Os Estados Unidos devem autorizar com a venda de motores General Electric F110 para o caça turco KAAN, segundo a Reuters que cita fontes familiarizadas com o assunto.

O pacote, avaliado em mais de US$ 700 milhões, prevê o fornecimento dos motores para os primeiros lotes de produção da aeronave e deve ser formalmente submetido ao Congresso dos EUA nos próximos dias.

A venda dos motores é um dos componentes externos mais relevantes do programa KAAN, projeto de caça de quinta geração liderado pela Turkish Aerospace (TAI). A aeronave realizou seu primeiro voo em fevereiro de 2024 e deve, futuramente, substituir a frota de caças F-16 da Força Aérea Turca.

Equipado com dois motores GE F110 com pós-combustão, o KAAN é consideravelmente maior que o Lockheed Martin F-35 e foi projetado com características de baixa observabilidade, baias internas de armamentos e aviônicos avançados. O F110 já é utilizado em aeronaves como o F-15EX e diversas versões do F-16.

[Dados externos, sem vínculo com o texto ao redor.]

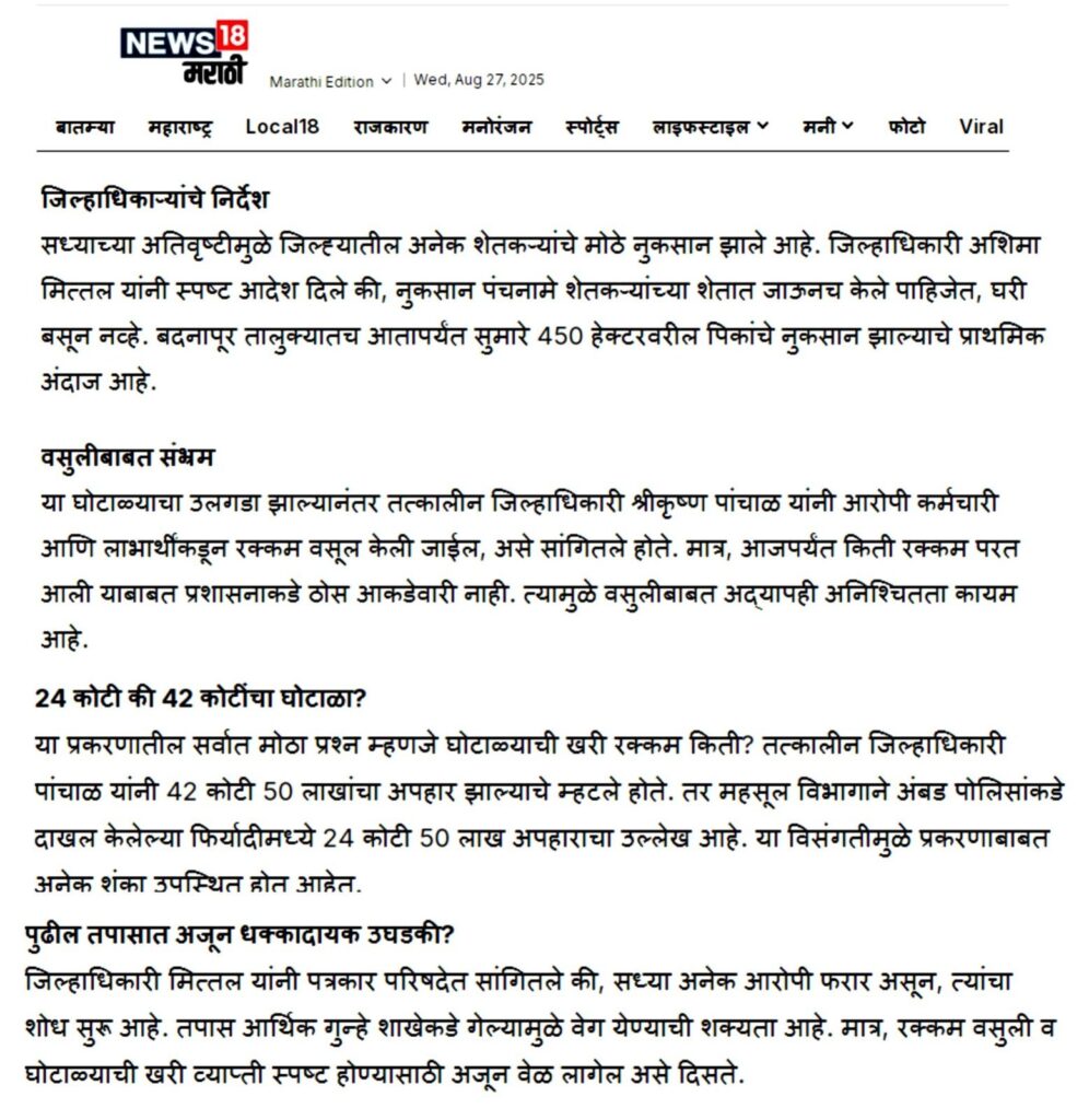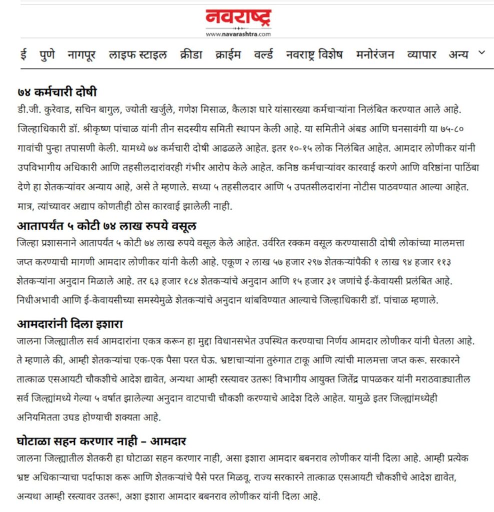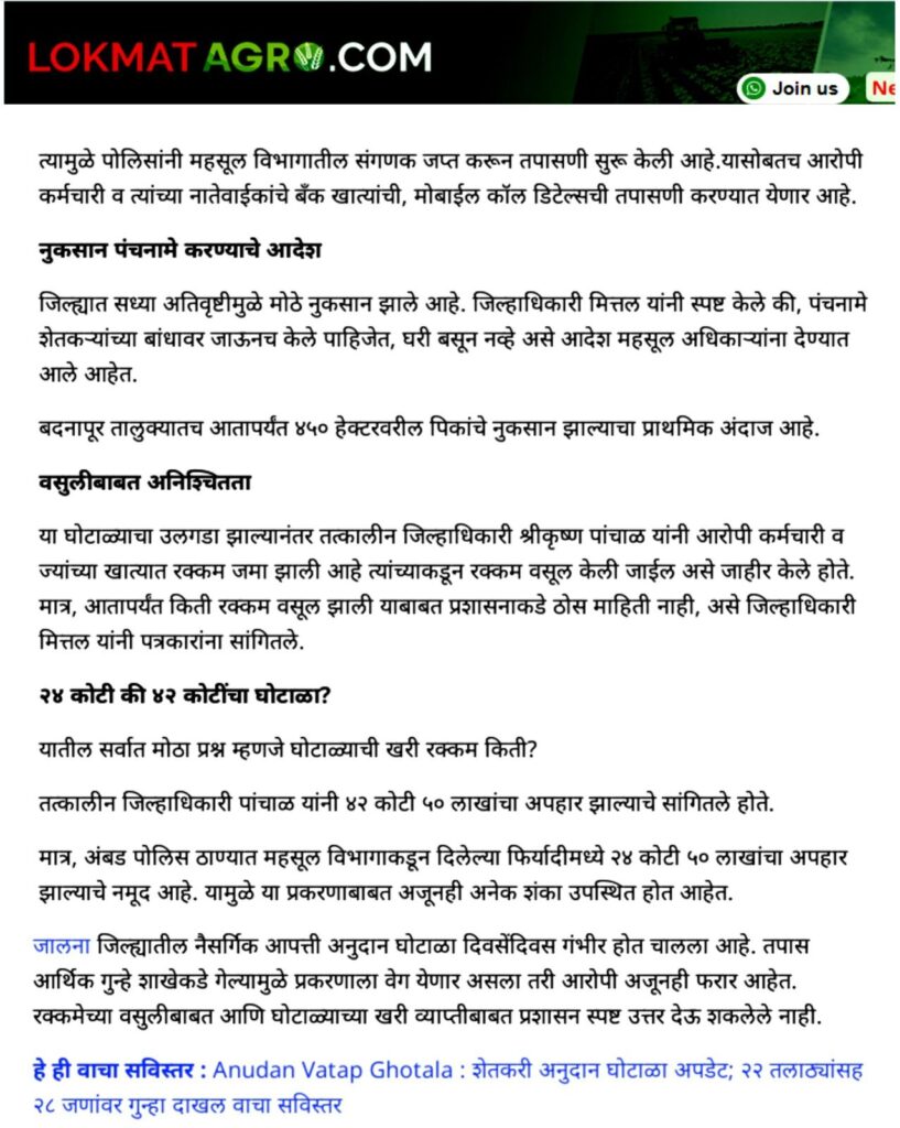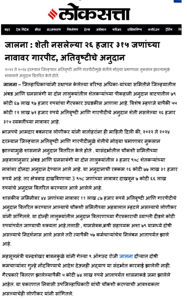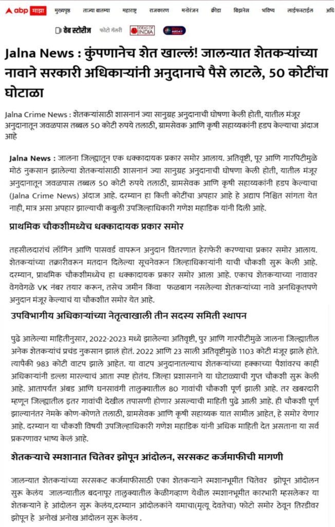पाचोरा – शेतकरी बांधवांनो, आपल्या हक्काच्या पैशावर प्रशासनातील काही भ्रष्ट कर्मचारी-अधिकाऱ्यांनी गदा आणली आहे. जालना जिल्ह्यात फक्त एका वर्षात तब्बल ३५ कोटींचा अनुदान घोटाळा उघडकीस आला असून, यामध्ये २२ तलाठी आणि ६ जणांवर गुन्हा दाखल झाला आहे. हा प्रकार थेट शेतकऱ्यांच्या न्यायावरचा घाव आहे. आश्चर्याची बाब म्हणजे, पाचोरा तालुक्यातही याच धर्तीवर गैरव्यवहार झाल्याचे धक्कादायक वास्तव समोर आले आहे. सन २०२३-२४ मध्ये अतिवृष्टीग्रस्त शेतकऱ्यांसाठी मंजूर झालेले ७० कोटींच्या अनुदानापैकी काही लाख रुपये परस्पर इतरांच्या खात्यात वळवून हडप करण्यात आल्याचे सिद्ध झाले आहे. शेतकरी बांधवांनो, फक्त दोन-चार शेतकऱ्यांनी धाडसाने तक्रार दिली आणि महसूल प्रशासन गडबडीत सर्व कामाला लागले. आता कर्मचाऱ्यांनी शेतकऱ्यांच्या दारापुढे जाऊन खात्यात पैसे टाकण्यास सुरुवात केली आहे. पण हा तात्पुरता उपाय आहे. मोठ्या प्रमाणावर अनुदान कोठे गेले? किती रक्कम कोणत्या अधिकाऱ्यांनी गिळंकृत केली? हे सत्य बाहेर आलेच पाहिजे. यासाठी मागणी केली जात आहे की सन २०१९-२० पासून ते २०२५ पर्यंत शेतकऱ्यांना मिळालेल्या सर्व अनुदानांची वर्षनिहाय यादी PDF स्वरूपात जाहीर व्हावी. प्रत्येक गावाच्या स्वतंत्र यादीत लाभधारकाचे नाव, मंजूर झालेली रक्कम, प्रत्यक्ष दिलेली रक्कम आणि न मिळाल्यास कारण याची स्पष्ट नोंद असावी. ही यादी गावोगावी तलाठी, ग्रामसेवक, सरपंच, उपसरपंच, ग्रामपंचायत सदस्य, सोसायटी पदाधिकारी तसेच स्थानिक पत्रकार यांना व्हॉट्सअॅपवर पाठवावी. शेतकरी बांधवांनो, आपण प्रत्येकाने जागरूक राहिले पाहिजे. सध्याचे पैसे मिळाले असतील, पण मागील वर्षांचे काय? आपल्या जवळ असलेली माहिती, कागदपत्रे आणि पुरावे यांची प्रत जोडून ती पत्रकार संदीप दामोदर महाजन, गणेश कॉलनी, पुनगाव रोड, पाचोरा – Mo. 7385108510, 7588645907 यांच्याकडे द्यावीत. जालना घोटाळ्याचा स्फोट राज्यभरात झाला आहे. त्याच धर्तीवर पाचोर्यातील सत्य बाहेर काढणे ही आपली जबाबदारी आहे. शेतकरी बांधवांनो, आज आपण आवाज उठवला नाही तर उद्या आपलेच भविष्य धोक्यात येईल. म्हणूनच आता जागे व्हा, संघटित व्हा आणि आपल्या हक्काच्या न्यायासाठी लढा उभारा!

Integrantes dos governos turco e indonésio celebram encomenda do caça KAAN (MDI)
Integrantes dos governos turco e indonésio celebram encomenda do caça KAAN (MDI)

A TAI planeja iniciar a entrega do primeiro lote de 20 aeronaves de produção para a Força Aérea Turca em 2028. A empresa também trabalha no desenvolvimento de um motor nacional que deverá equipar os próximos blocos de produção.

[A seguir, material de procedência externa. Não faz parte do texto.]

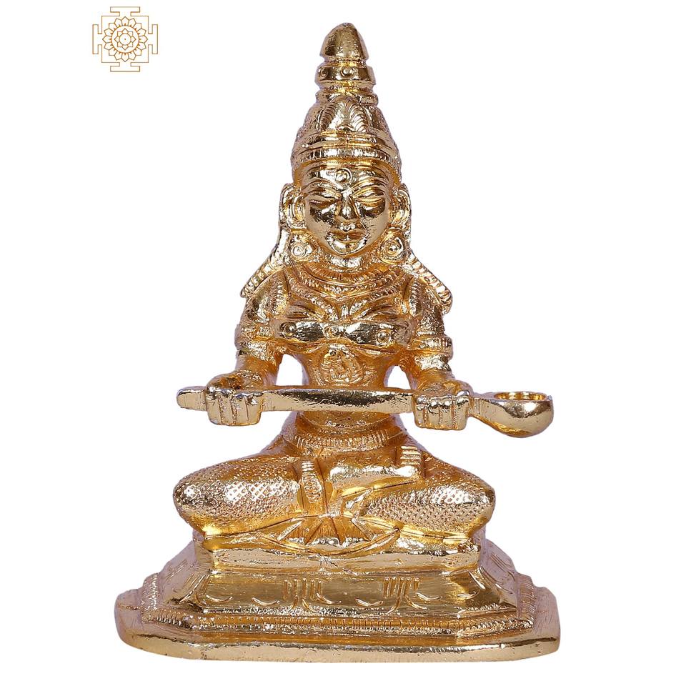 รูปปั้นทองเหลืองชุบทอง3นิ้ว-เทพธิดา Annapurna ไอดอลนั่งอยู่บนบัลลังก์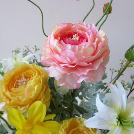 光触媒高級造花アレンジメント【シュネル】軽やかさと華やかさを持つ、リュクスラナンキュラスの造花アレンジメントです。高さ35cmです。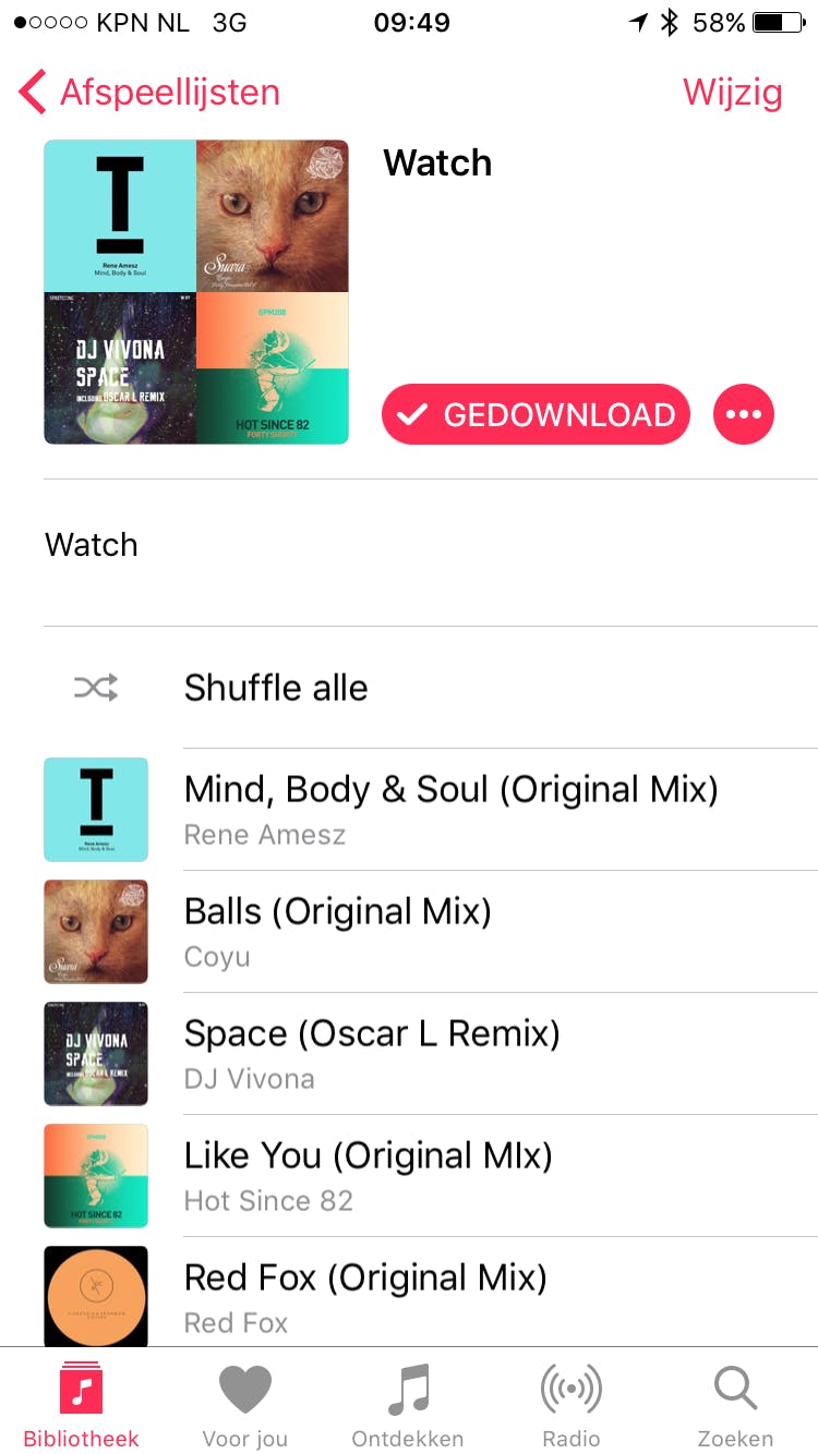 Eerst zet je de muziek die je op de Watch wil zetten op je iPhone. Dit doe je met iTunes. Doordat je alleen afspeellijsten kan synchroniseren, zet je de individuele nummers die je op je Apple Watch wil zetten in een aparte afspeellijst. Voor het gemak hebben we de afspeellijst die we op onze Watch willen zetten ook 'Watch' genoemd.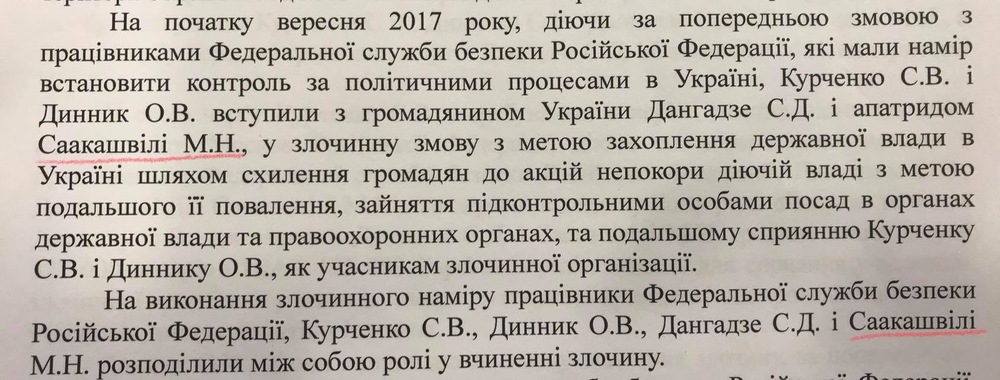 Где среди прочего заявляется пять фигурантов разномастной "преступной ОПГ", якобы затеявшей свержение власти в Украине. Это сам Курченко, банкир Дынник, Дангадзе, Саакашвили и ФСБ.

O KAAN desperta interesse além das fronteiras turcas. A Indonésia assinou um acordo no início deste mês para a futura aquisição do caça, enquanto autoridades turcas já identificaram diversos países do Oriente Médio e da Ásia como potenciais clientes de exportação.

F-16 turco (Jerry Gunner)
F-16 turco (Jerry Gunner)

A decisão dos EUA ocorre após anos de incerteza nas relações de defesa entre Washington e Ancara, desde a exclusão da Turquia do programa F-35 em 2019. Embora a aprovação dos motores favoreça o programa KAAN, não altera o status da Turquia fora do projeto multinacional do caça furtivo.

Nem o Departamento de Estado dos EUA nem o governo turco confirmaram oficialmente a proposta de venda dos motores. A Reuters informou que ainda há objeções no Congresso, embora o governo Trump pretenda seguir com a aprovação.